Additional Information:
The VCCS System Office is located in the beautiful Arboretum Business Park off of Midlothian Turnpike in southwest of Richmond. Please keep this in mind as you consider this position.
This position is a state classified position and the individual hired will be required to serve a one-year probationary period. The VCCS offers competitive compensation along with excellent benefits and opportunity for career development. For information on benefit offerings, go to: http://cdn.vccs.edu/wp-content/uploads/2013/07/Classified-Staff-Benefits....
Hiring Range: Salary commensurate with education and relevant experience.

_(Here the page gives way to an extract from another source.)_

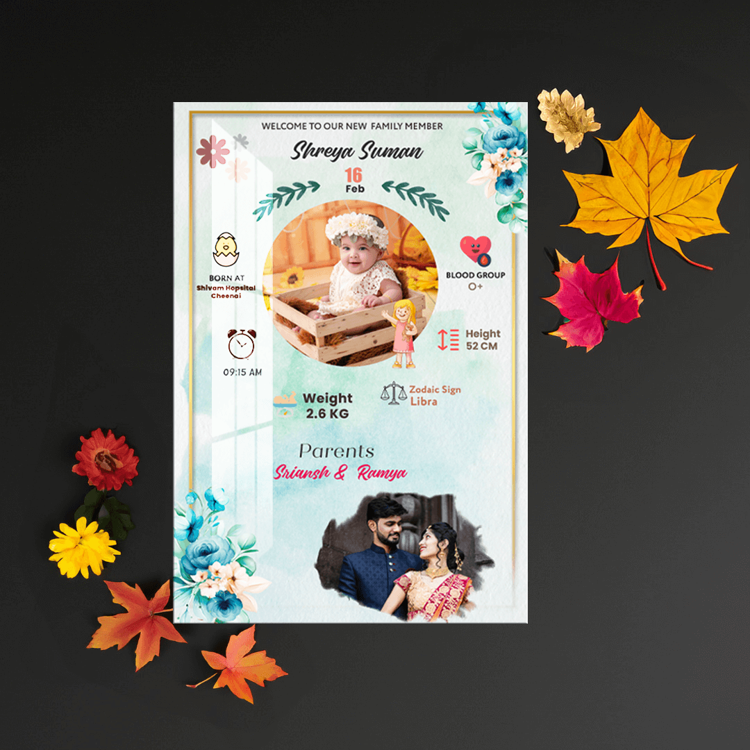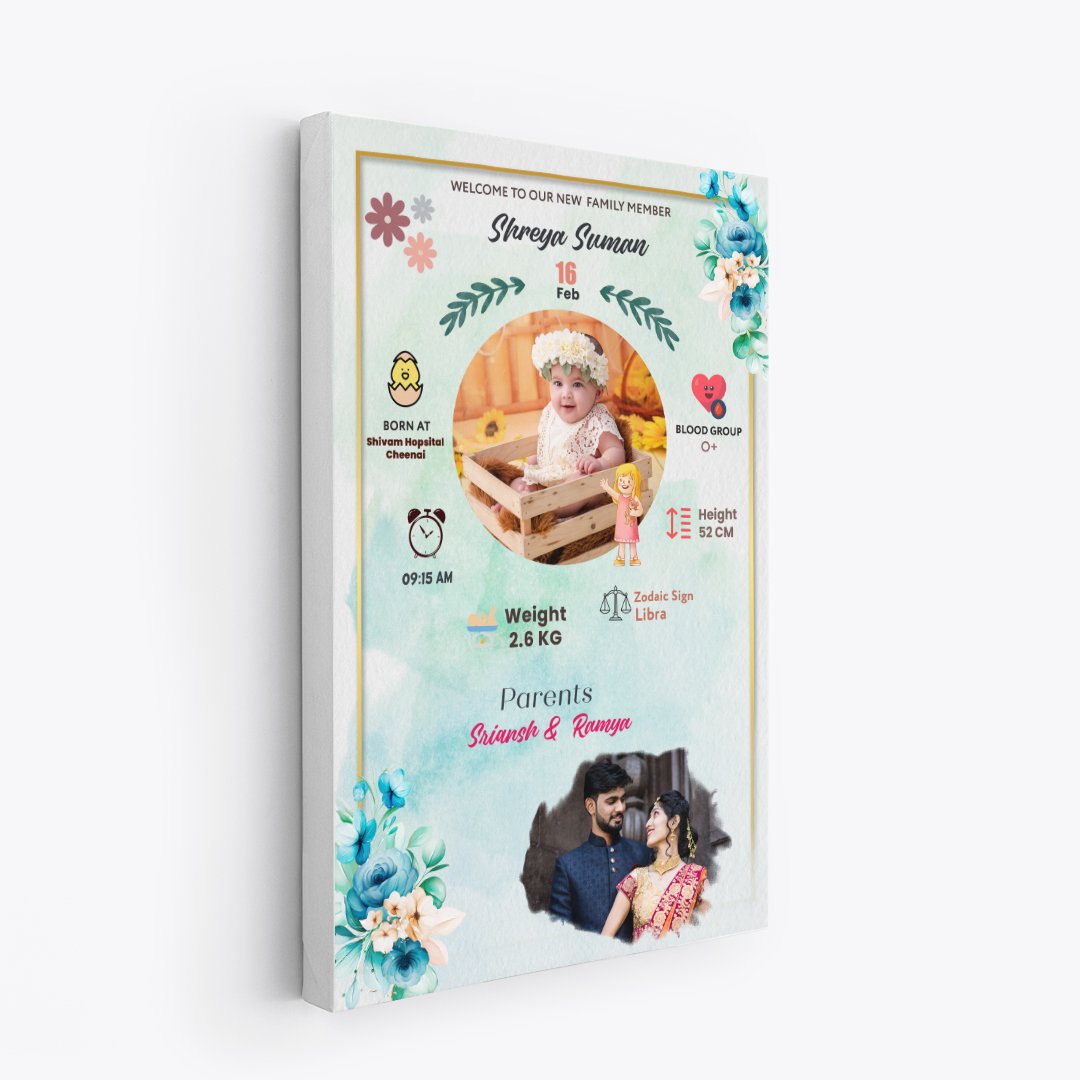 A personalized baby frame for new born babies with options to add name, nickname, birth date, time, place, weight, blood group, and height. Available in different sizes and frame options.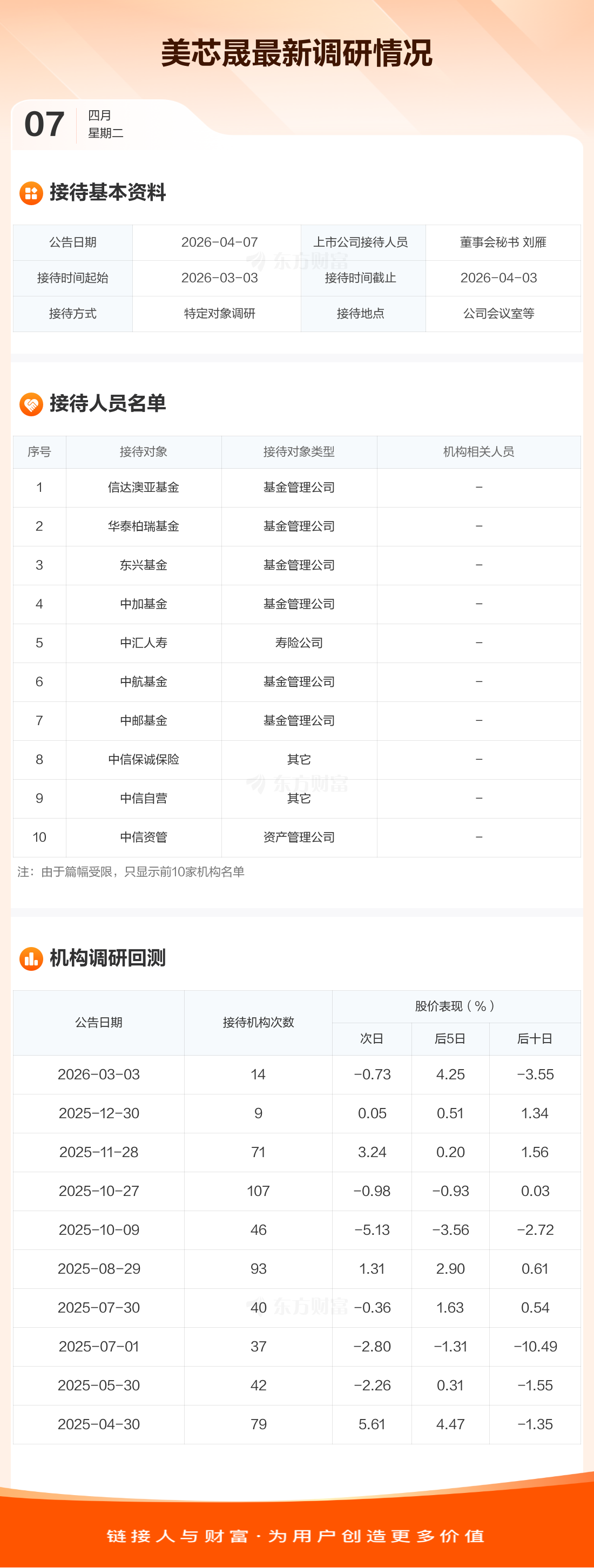 美芯晟4月7日公告称,3月3日至4月3日接待信达澳亚基金等38家机构调研。接待人员包括董事会秘书 刘雁。

About the Richmond Area: The Blue Ridge Mountains and the Atlantic Ocean are within 1 1/2 hours. We have the beautiful James River, wonderful restaurants, shopping, kayaking, fishing, boating, state of the art hospitals, world class museums, major historical sites, shows, concerts and festivals, automobile racing, and much, much, more.
Application Instructions:
To apply for this position, qualified applicants must complete the online information section and questions, and attach a resume and cover letter with salary requirements for consideration. This position will remain open until filled, however, first consideration will be given to applicants who apply by May 20, 2018.
Reference, background, and e-Verify checks are required for all VCCS positions.
The Virginia Community College System is committed to fostering, cultivating, and sustaining a culture of diversity and is an Equal Opportunity/Affirmative Action Employer. The VCCS encourages applications from women, minorities, veterans, and those with disabilities in our effort to reflect our diverse society. Reasonable accommodations are available to persons with disabilities during application and/or interview process per the Americans with Disabilities Act. Contact 804-819-4685 for assistance.
We thank you for your interest in the Virginia Community College System. Unfortunately due to the volume of submissions, we cannot respond to applicants directly. If we believe your education, experience and/or skills may be a good fit for this position, a member of our team will reach out to you for additional information and next steps.